Can someone help me? for a. i got 87.14 ohms

 

I didn't work it out, but doesn't your answer seem too high? I can see several direct paths between points A and x that have much lower resistance than your answer.

Problem A is easier than B, I think, because you have a lot of symmetry and you can simplify the circuit rather quickly.

There might be a trick for problem B too, but looking quickly I don't see it.

 

Can someone help me? for a. i got 87.14 ohms

You need to show your work. Without it, the most we can tell you is whether your answer is right or wrong. If it's wrong, we can't help you find where it is wrong or what you need to do differently because we can't see what you did period.

The first step is to redraw the circuit with the connections as described.

Then the second step should be to put bounds on the possible resistance values. Without even redrawing the circuit and just picking the most obvious path between Node A and Node x shows that the MAXIMUM resistance between those two nodes, even without making any of the described connections, is 60 Ω. With the connections there is a path that is only 40 Ω.

You also know that the absolute minimum resistance is 10 Ω and can actually bound it at 15 Ω very easily.

So before you begin you know the answer has to be between 15 Ω and 40 Ω.

The first problem can be done by inspection (particularly once it is redrawn) without using delta-wye transforms. But if you want (or are required) to use them, then the following article might help.

http://www.allaboutcircuits.com/technical-articles/delta-wye-transforms-behind-the-scenes/

 

is 87 too high? our instructor gave us a clue that we have to transform it twice to thrice. I'll just have to redraw it like you said and think of other ways.

 

You need to show your work. Without it, the most we can tell you is whether your answer is right or wrong. If it's wrong, we can't help you find where it is wrong or what you need to do differently because we can't see what you did period.

The first step is to redraw the circuit with the connections as described.

Then the second step should be to put bounds on the possible resistance values. Without even redrawing the circuit and just picking the most obvious path between Node A and Node x shows that the MAXIMUM resistance between those two nodes, even without making any of the described connections, is 60 Ω. With the connections there is a path that is only 40 Ω.

You also know that the absolute minimum resistance is 10 Ω and can actually bound it at 15 Ω very easily.

So before you begin you know the answer has to be between 15 Ω and 40 Ω.

The first problem can be done by inspection (particularly once it is redrawn) without using delta-wye transforms. But if you want (or are required) to use them, then the following article might help.

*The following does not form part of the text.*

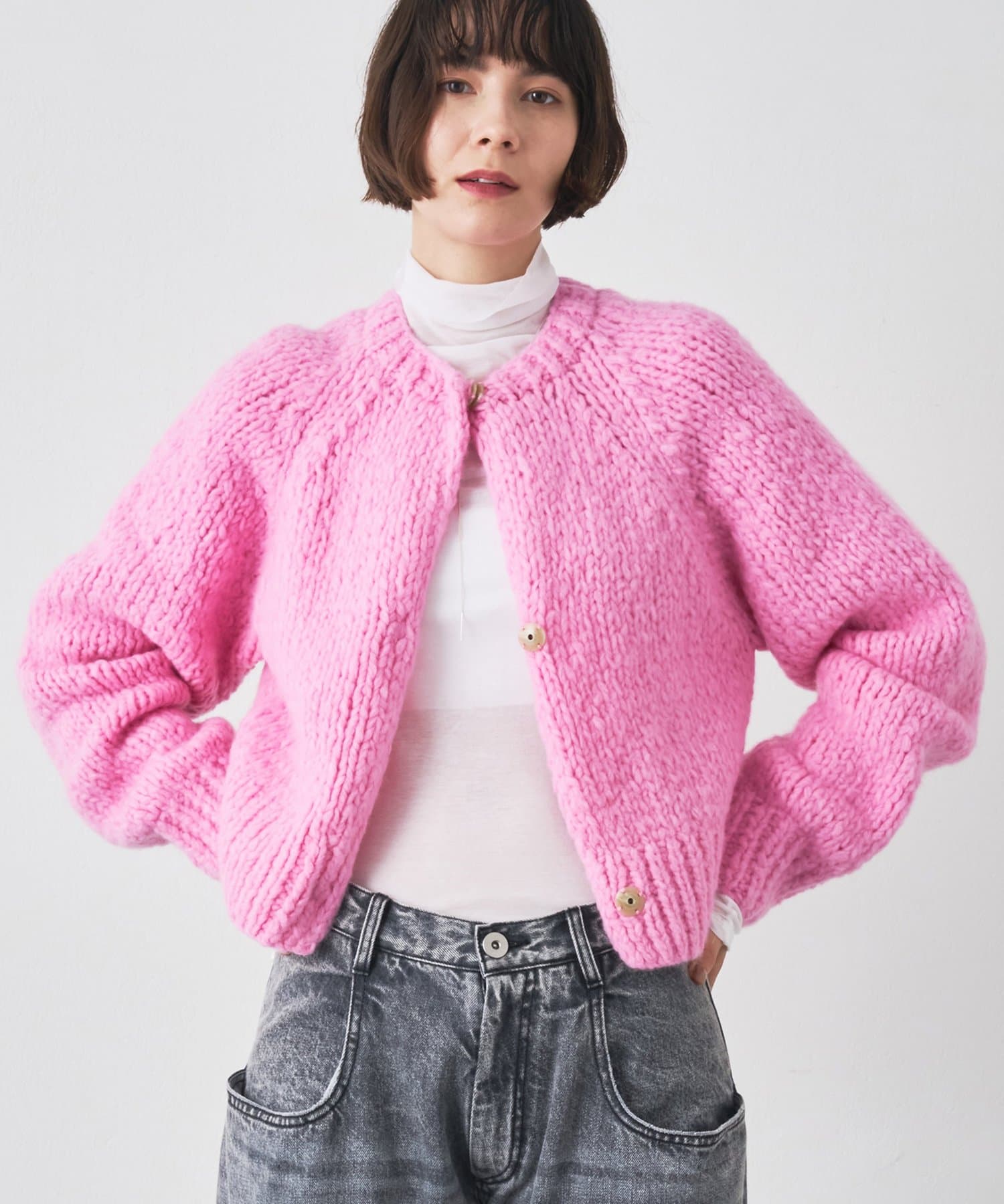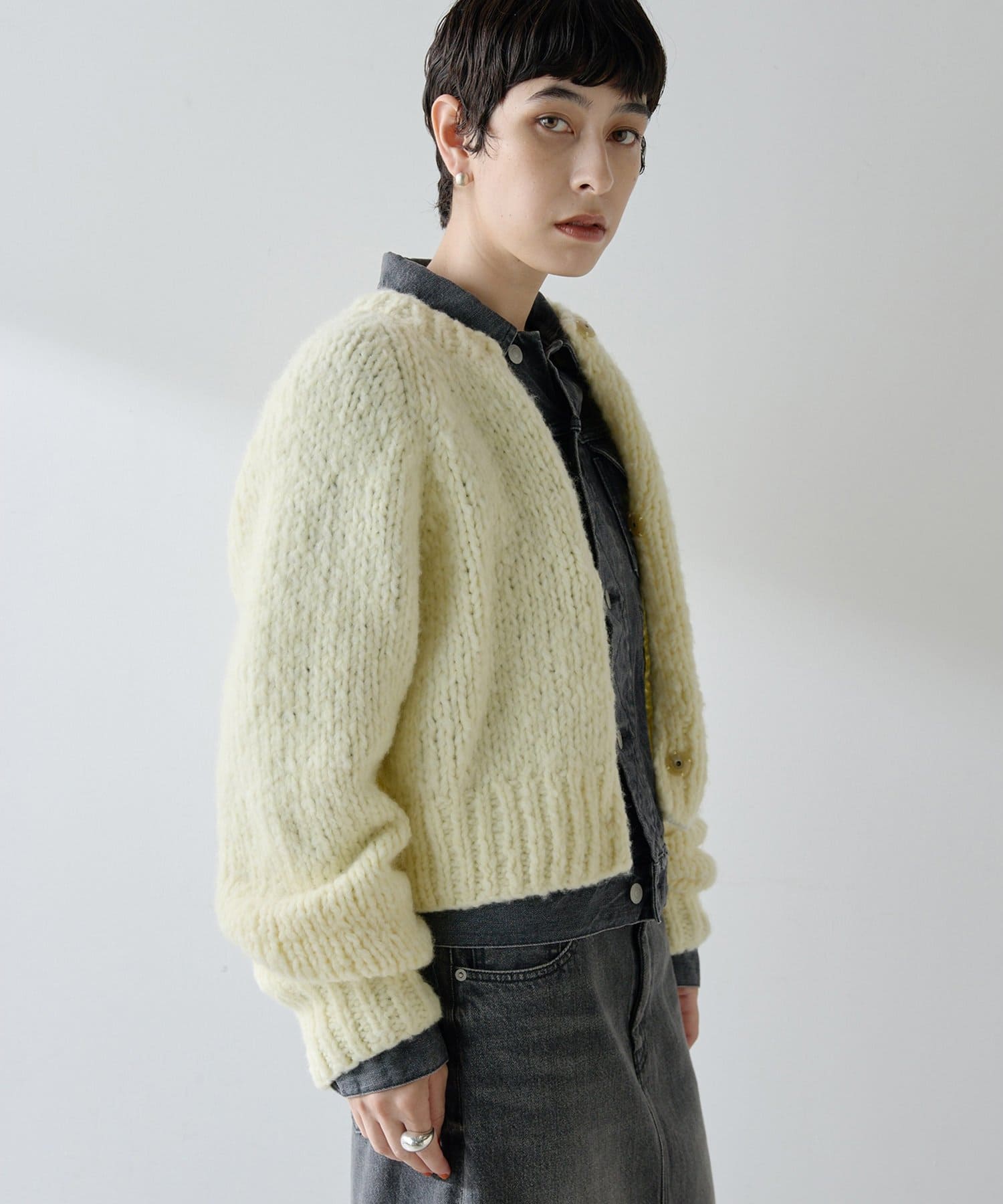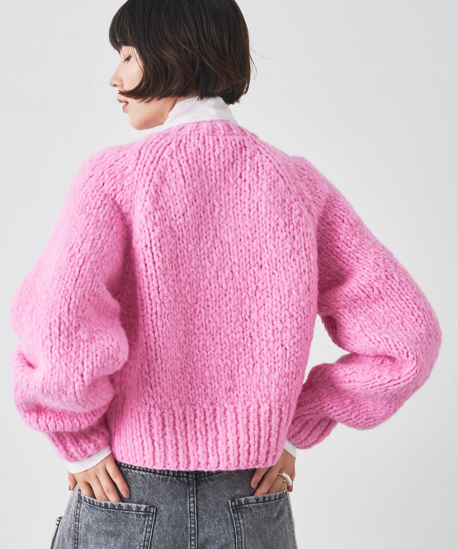 ■ハンドニットならではのざっくりとした表情もポイント。
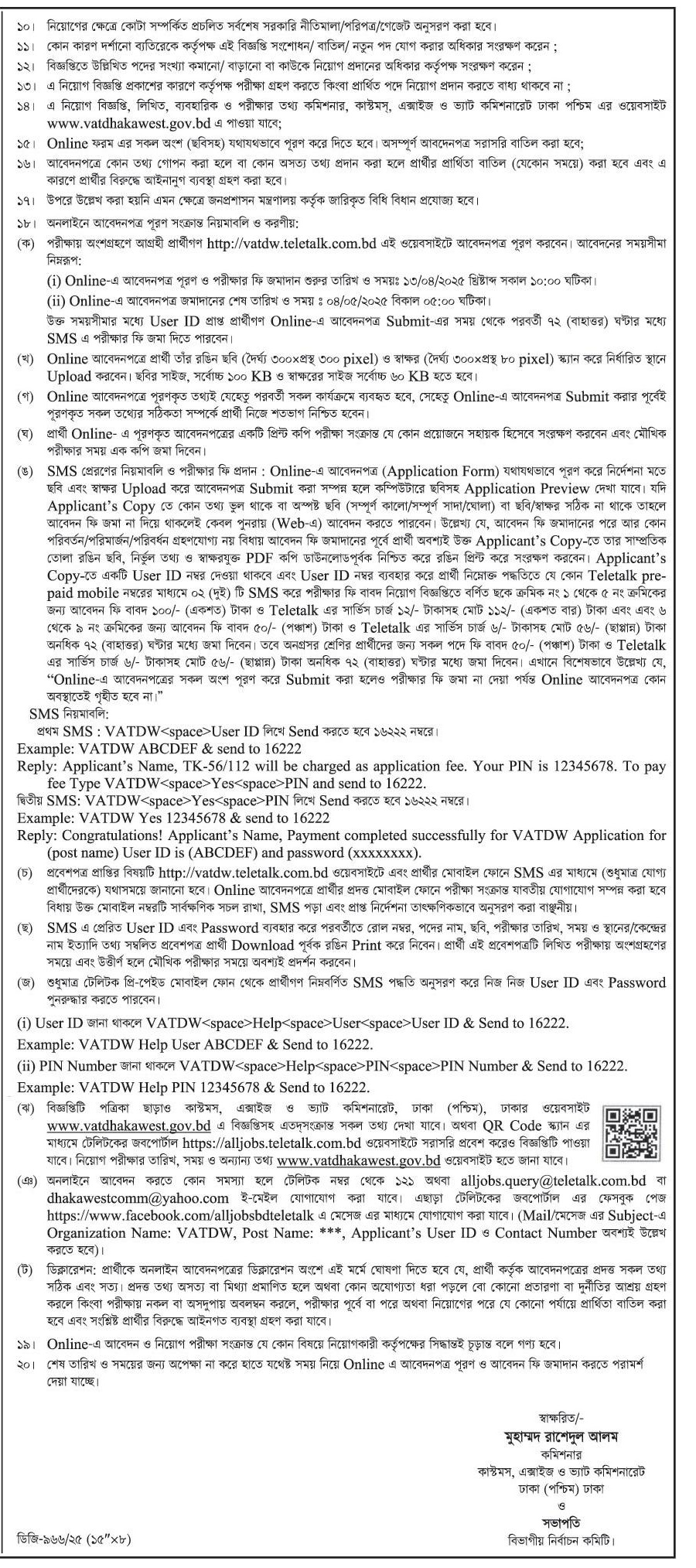 Online Apply Link: https://vatdw.teletalk.com.bd

http://www.allaboutcircuits.com/technical-articles/delta-wye-transforms-behind-the-scenes/

i really find it hard to redraw it. any other hints sir?

 

i got 28.3333

 

is 87 too high? our instructor gave us a clue that we have to transform it twice to thrice. I'll just have to redraw it like you said and think of other ways.

Consider just the red path between A and x. What is the resistance of that path? Since any other paths are going to be, at least in part, in parallel with this path, you know that total resistance from A to x has to be less than the resistance of this path.

But now consider the green path, which is valid because A and B are connected. What is the resistance of this path? If it's lower than the red path, it sets a new minimum value.



If we consider the blue path and a yellow path that would go from A over to D and then on to x we can reduce this upper limit even further.

 

i got 28.3333

Nope.

Look at the post I just made and see what the upper bound is by considering the blue and the yellow (described in words) paths. That bound is less than your result, so we know that it is wrong.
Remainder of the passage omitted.